The most damaging statements in the article surround how the author’s misunderstanding of good mathematical education and learning through technology.

Statement 1: “Educational researchers often present a false dichotomy between fluency and conceptual reasoning. But as in basketball, where shooting foul shots helps you learn how to take a fancier shot, computational fluency is the path to conceptual understanding. There is no way around it.”

This statement gets to the heart of what the author views as learning math. I’ve argued in previous posts on how my own view of the relationship between conceptual understanding and learning algorithms has evolved. I won’t delve too much here on this issue since there are bigger fish to fry, but the idea that math is nothing more than learning procedures that will someday be used and understood does the whole subject a disservice. This is a piece of the criticism of Khan Academy, but I’ll leave the bulk of that argument to the experts.

I will say that I’m really tired of the sports skills analogy for arguing why drilling in math is important. I’m not saying drills aren’t useful, just that they are never the point. You go through drills in basketball not just to be able to do a fancier shot (as he says) but to be able to play and succeed in a game. This analogy also falls short in other subjects, a fact not usually brought up by those using this argument. You spend time learning grammar and analysis in English classes (drills), but eventually students are also asked to write essays (the game). Musicians practice scales and fingering (drills), but also get opportunities to play pieces of music and perform in front of audiences (the game).

The general view of learning procedures as the end goal in math class is probably the most destructive reason why people view math as something acceptable not to be good at. Learning math this way can be low-quality because it is “monotonous [and] efficient”, which is not technology’s fault.

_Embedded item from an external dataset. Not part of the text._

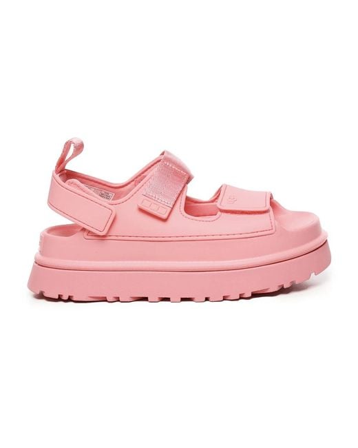 Rehaussez votre style estival avec ces sandales plates UGG pour femmes. Dotées d'une tige en TPU fabriquée à partir de fibres de polyester, d'une fermeture à scratch, d'une semelle et d'une semelle intermédiaire en EVA de canne à sucre, d'un bracelet en tissu et de brides en fibre de polyester dans une belle couleur rose.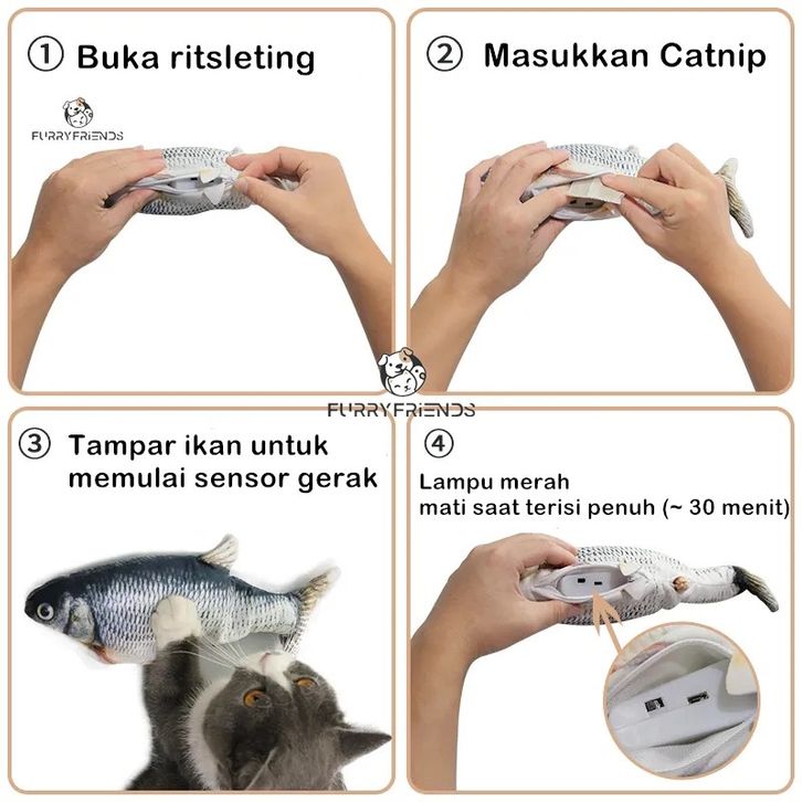 MAINAN KUCING BONEKA IKAN CATNIP CATMINT FISH CAT TOYS MAINAN HEWAN / ELEKTRIK MAINAN KUCING USB / MAINAN TIKUS BERGERAK

One hundred percent of class time can’t be spent on computational fluency with the expectation that one hundred percent of understanding can come later. The two are intimately entwined, particularly in the best math classrooms with the best teachers.

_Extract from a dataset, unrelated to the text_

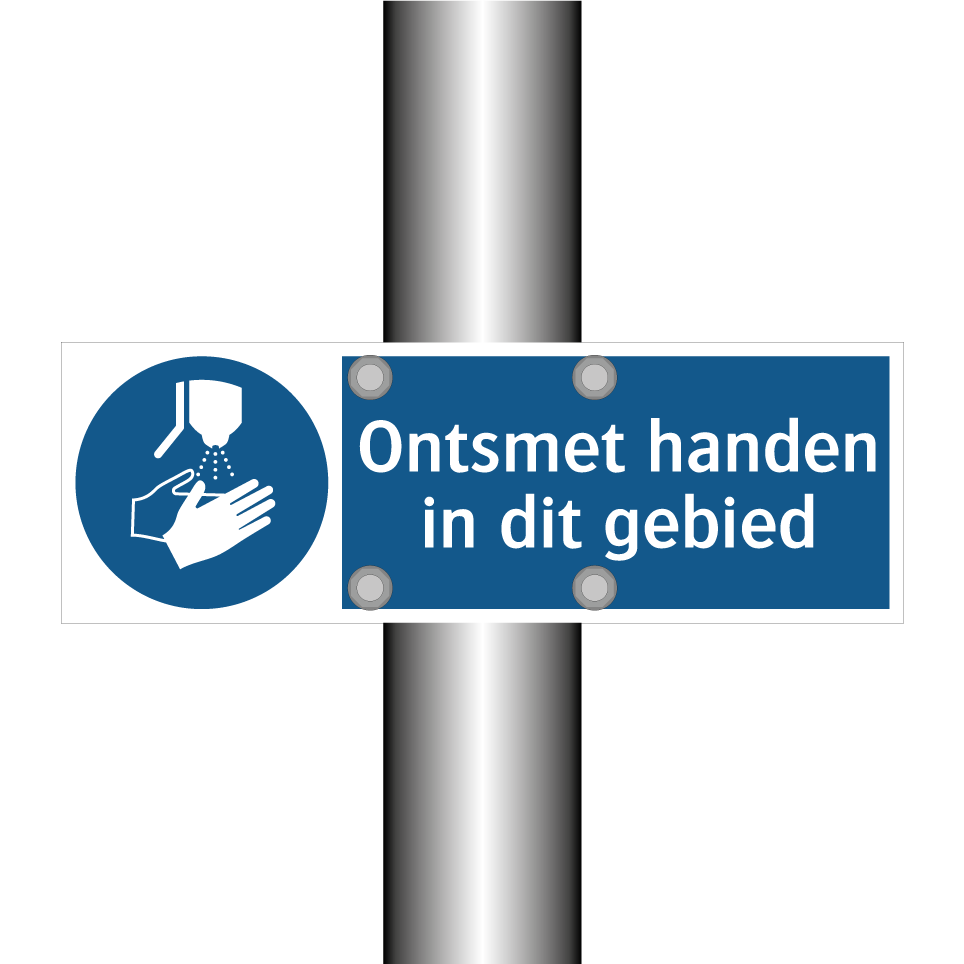 Verplichte bord met de tekst Ontsmet handen in dit gebied

Statement 2: “Despite the lack of empirical evidence, the National Council of Teachers of Mathematics takes the beneficial effects of technology as dogma.”

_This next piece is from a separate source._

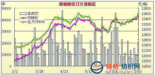 7月10日,鄭棉CF909合約高開,早盤在多頭買盤推動下上沖創(chuàng)日高,隨后平倉盤打壓期價回落,短線形成盤跌格局,終盤收于日內(nèi)相對低位,日線形成長上影線的星線,日內(nèi)成交量微幅放大,持倉量增加;CF1001合約早盤高開后多頭買盤推動期價上行,交投重心上移,日線形成中陽線,盤中成交量放大,持倉大幅增加。CF909合約日成交9588手,日增倉520手,終盤持倉量25476手;CF1001合約日成交9236手,日增倉3252手,終盤持倉量15798手。基本面情況: 現(xiàn)貨價格及本保持穩(wěn)定,現(xiàn)貨上地產(chǎn)棉已是難見,只有一些新疆棉,價格較高,讓一些中小型紡織廠望而卻步。從昨日競拍的情況上看,08年度收儲棉的價格仍在上漲,一些紡織廠反映目前內(nèi)地庫點(diǎn)競拍激烈,使得競拍價格較高,紡織廠一直處于資金緊張的情況,所以對這一價格難以接受,但是為了保證生產(chǎn),不停機(jī),也是無耐選擇。企業(yè)建議增加內(nèi)地庫點(diǎn)日拋儲數(shù)量,減少因競爭而引起的棉價居高。美國農(nóng)業(yè)部報告,6.26-7.2一周美國凈簽約出口本年度陸地棉10591噸,較前一周減70%,較近四周平均值減68%;裝運(yùn)74185噸,較前周減2%,但較近四周平均值增4%。凈簽約出口本年度皮馬棉907噸,較前一周減49%,較近四周平均值減56%;裝運(yùn)2268噸。09/10年度陸地棉凈簽約出口7734噸,下年度皮馬棉凈簽約出口295噸。當(dāng)周中國凈簽約進(jìn)口本年度陸地棉僅816噸,裝運(yùn)陸地棉14061噸。凈簽約下年度皮馬棉635噸。

If you visit the link the author includes in his article, you will see that what NCTM actually says is this:

“Calculators and other technological tools, such as computer algebra systems, interactive geometry software, applets, spreadsheets, and interactive presentation devices, are vital components of a high-quality mathematics education.”

…and then this:

“The use of technology cannot replace conceptual understanding, computational fluency, or problem-solving skills.”

In short, the National Council for Teachers of Mathematics wants both understanding and computational fluency. It really isn’t one or the other, as the author suggests.

The author’s view of what “technology” entails in the classroom seems to be the mere presence of an interactive whiteboard, new textbooks, calculators in the classroom, and software that teaches mathematical procedures. This is not what the NCTM intends the use of technology to be. Instead the use of technology allows exploration of concepts in ways that cannot be done using just a blackboard and chalk, or pencil and paper. The “and other technological tools next to calculators in the quote has become much more significant over the past five years, as Geometers Sketchpad, Geogebra, Wolfram Alpha, and Desmos have become available.

Teachers must know how to use these tools for the nature of math class to change to one that emphasizes mathematical thinking over rote procedure. If they don’t, then math continues as it has been for many years: a set of procedures that students may understand and use some day in the future. This might be just fine for students that are planning to study math, science, or engineering high school. What about the rest of them? (They are the majority, by the way.)

Statement 3: “…the new Common Core standards for math…fall short. They fetishize “data analysis” without giving students a sufficient grounding to meaningfully analyze data. Though not as wishy-washy as they might have been, they are of a piece with the runaway adaption of technology: The new is given preference over the rigorous.”

If “sufficient grounding” here means students doing calculations done by hand, I completely disagree. Ask a student to add 20 numbers by hand to calculate an average, and you’ll know what I mean. If calculation is the point of a lesson, I’ll have students calculate. The point of data analysis is not computation. Just because the tools take the rigor out of calculation does not diminish the mathematical thinking involved.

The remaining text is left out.